A link between dopamine levels, circadian gene expression, and attention deficit hyperactivity disorder (ADHD) has already been demonstrated. The aim of this study was to investigate the extent of these relationships by measuring circadian gene expression in primary human-derived dermal fibroblast cultures (HDF) after dopamine exposure. We analyzed circadian preference, behavioral circadian and sleep parameters as well as the circadian gene expression in a cohort of healthy controls and participants with ADHD. Circadian preference was evaluated with German Morningness-Eveningness-Questionnaire (D-MEQ) and rhythms of sleep/wake behavior were assessed via actigraphy. After ex vivo exposure to different dopamine concentrations in human dermal fibroblast (HDF) cultures, the rhythmicity of circadian gene expression (Clock, Bmal1, Per1-3, Cry1) was analyzed via qRT-PCR. We found no statistical significant effect in the actigraphy of both groups (healthy controls, ADHD group) for mid-sleep on weekend days, mid-sleep on weekdays, social jetlag, wake after sleep onset, and total number of wake bouts. D-MEQ scores indicated that healthy controls had no evening preference, whereas subjects with ADHD displayed both definitive and moderate evening preferences. Dopamine has no effect on Per3 expression in healthy controls, but produces a significant difference in the ADHD group at ZT24 and ZT28. In the ADHD group, incubation with dopamine, either 1 µM or 10 µM, resulted in an adjustment of Per3 expression to control levels. A similar effect also was found in the expression of Per2. Statistical significant differences in the expression of Per2 (ZT4) in the control group compared to the ADHD group were found, following incubation with dopamine. The present study illustrates that dopamine impacts on circadian function. The results lead to the suggestion that dopamine may improve the sleep quality as well as ADHD symptoms by adjustment of the circadian gene expression, especially for Per2 and Per3.

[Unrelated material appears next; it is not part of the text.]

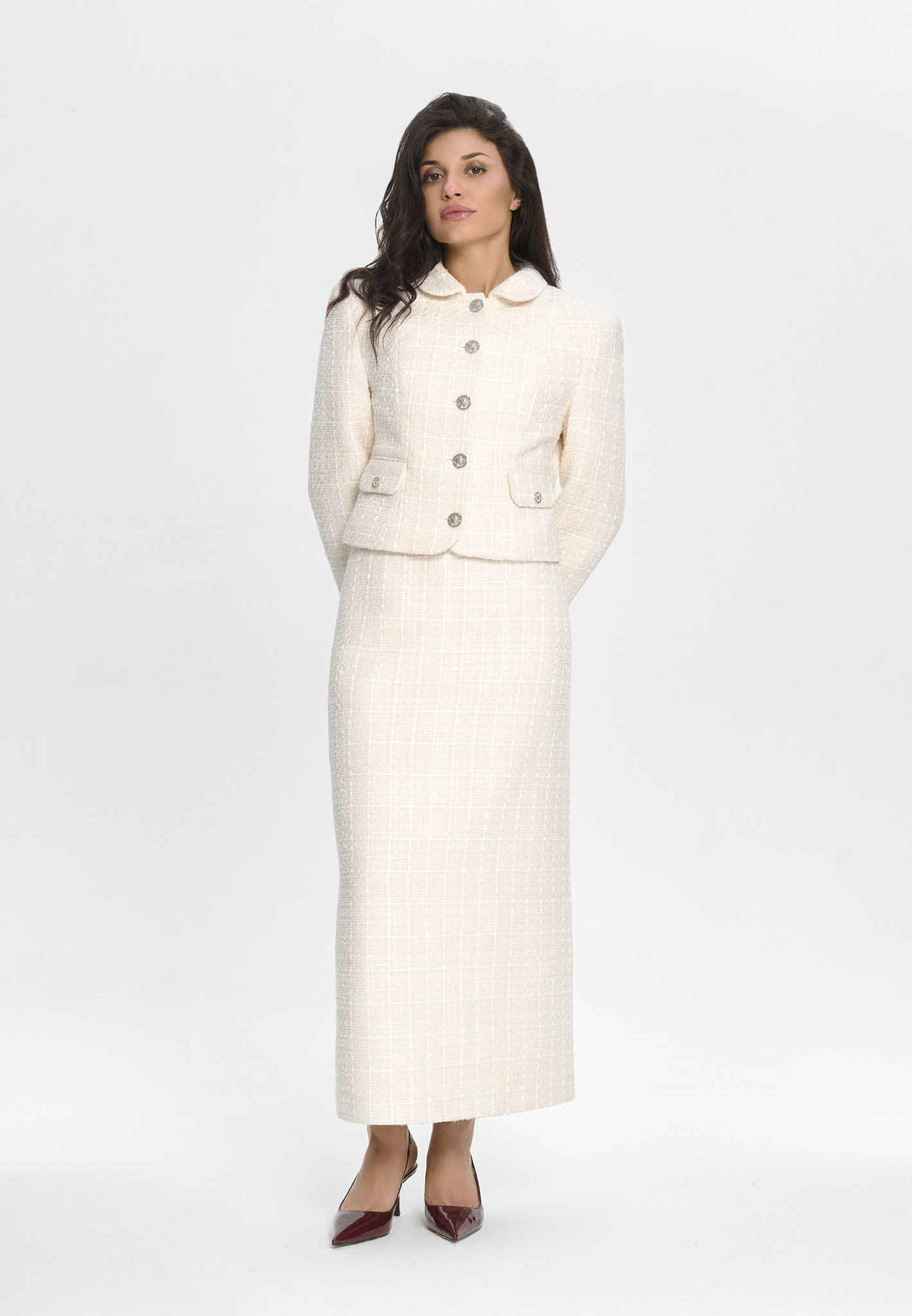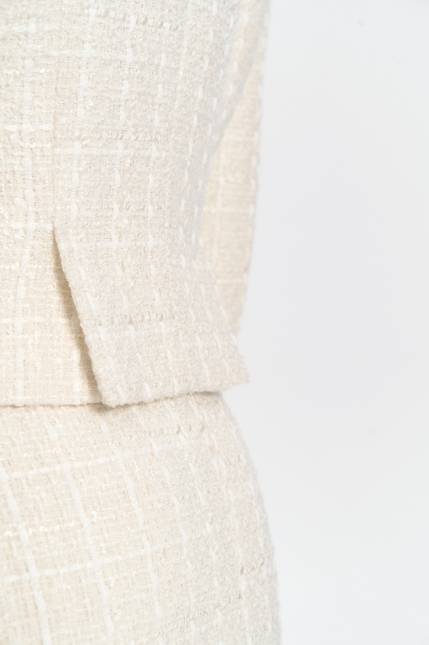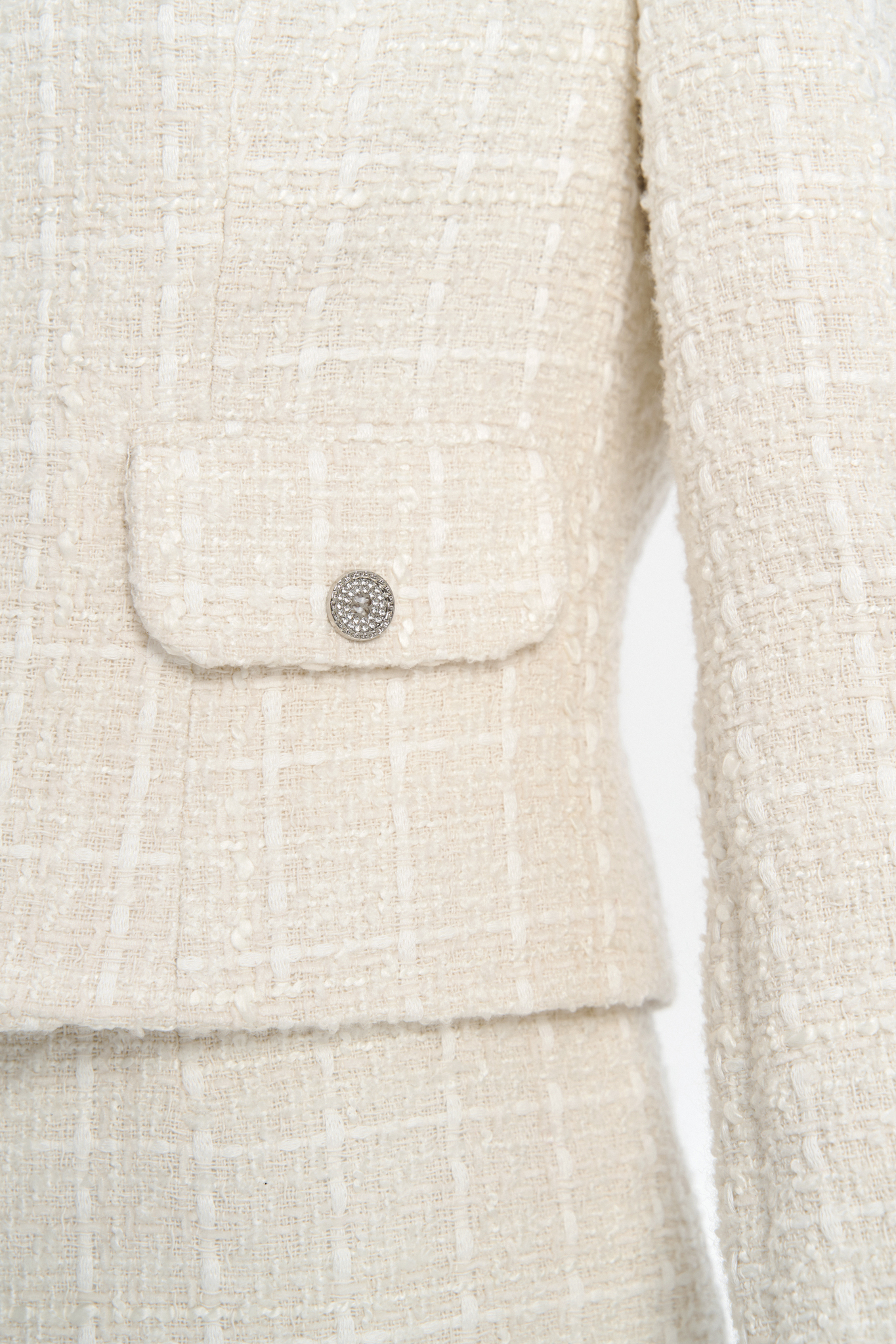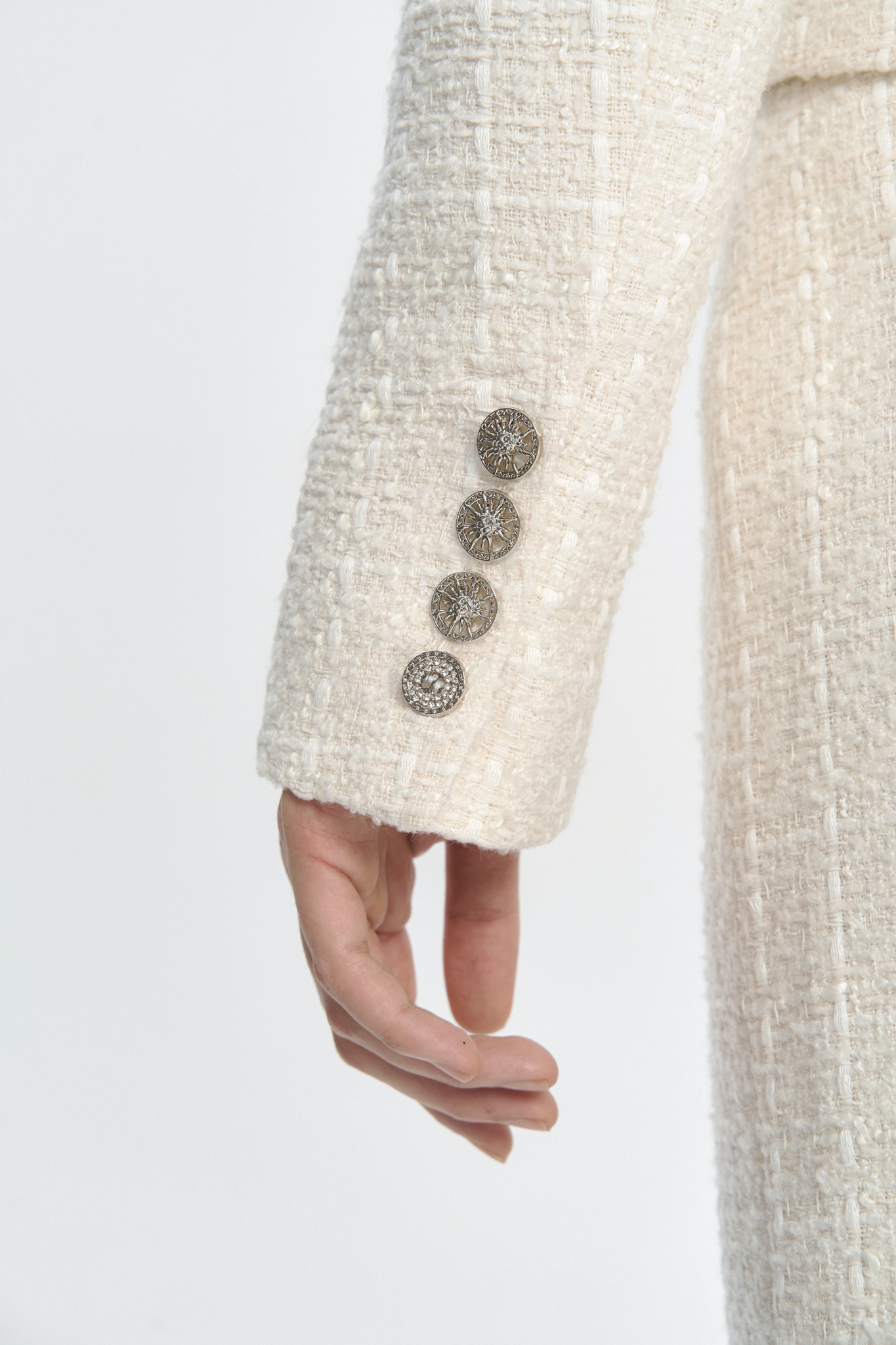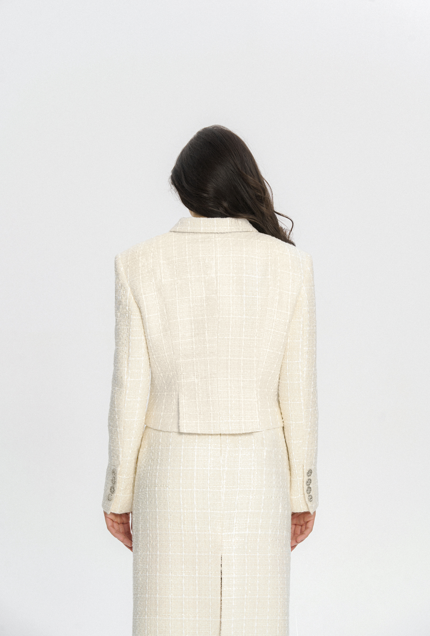 Жакет Céleste — изящная модель в светлом оттенке айвори, созданная в духе утончённой классики. Аккуратный прямой крой, фактурная ткань с деликатной клеткой и изысканные пуговицы придают образу благородство и лёгкость. Выполненный из легкого фактурного твида, жакет сочетает в себе современную текстуру и минималистичный шик. Аккуратная необычная шлица на спине придает дополнительного шарма и игривого настроения для классической модели.

多巴胺水平、昼夜节律基因表达和注意力缺陷多动障碍 (ADHD) 之间的联系已经得到证实。本研究的目的是通过测量多巴胺暴露后原代人源性真皮成纤维细胞培养 (HDF) 中的昼夜节律基因表达来研究这些关系的程度。我们分析了一组健康对照和 ADHD 参与者的昼夜节律偏好、行为昼夜节律和睡眠参数以及昼夜节律基因表达。昼夜节律偏好通过德国晨昏-晚上问卷 (D-MEQ) 进行评估，睡眠/清醒行为的节律通过活动记录仪进行评估。离体后在人类真皮成纤维细胞 (HDF) 培养物中暴露于不同的多巴胺浓度，通过 qRT-PCR 分析昼夜节律基因表达 ( Clock、Bmal1、Per1-3、Cry1 ) 的节律性。我们发现两组（健康对照组、ADHD 组）在周末睡眠中、工作日中睡眠、社交时差、入睡后醒来和醒来总次数的活动记录中没有显着影响。D-MEQ 评分表明健康对照组没有晚间偏好，而患有 ADHD 的受试者则表现出明确和中度的晚间偏好。多巴胺对Per3没有影响在健康对照中表达，但在 ZT24 和 ZT28 的 ADHD 组中产生显着差异。在 ADHD 组中，与 1 μM 或 10 μM 的多巴胺孵育导致Per3表达调整到控制水平。在Per2的表达中也发现了类似的效果。与多巴胺孵育后，发现对照组与 ADHD 组相比， Per2 (ZT4)的表达存在统计学显着差异。本研究表明多巴胺对昼夜节律功能的影响。结果表明，多巴胺可以通过调整昼夜节律基因表达来改善睡眠质量和 ADHD 症状，尤其是Per2和Per3。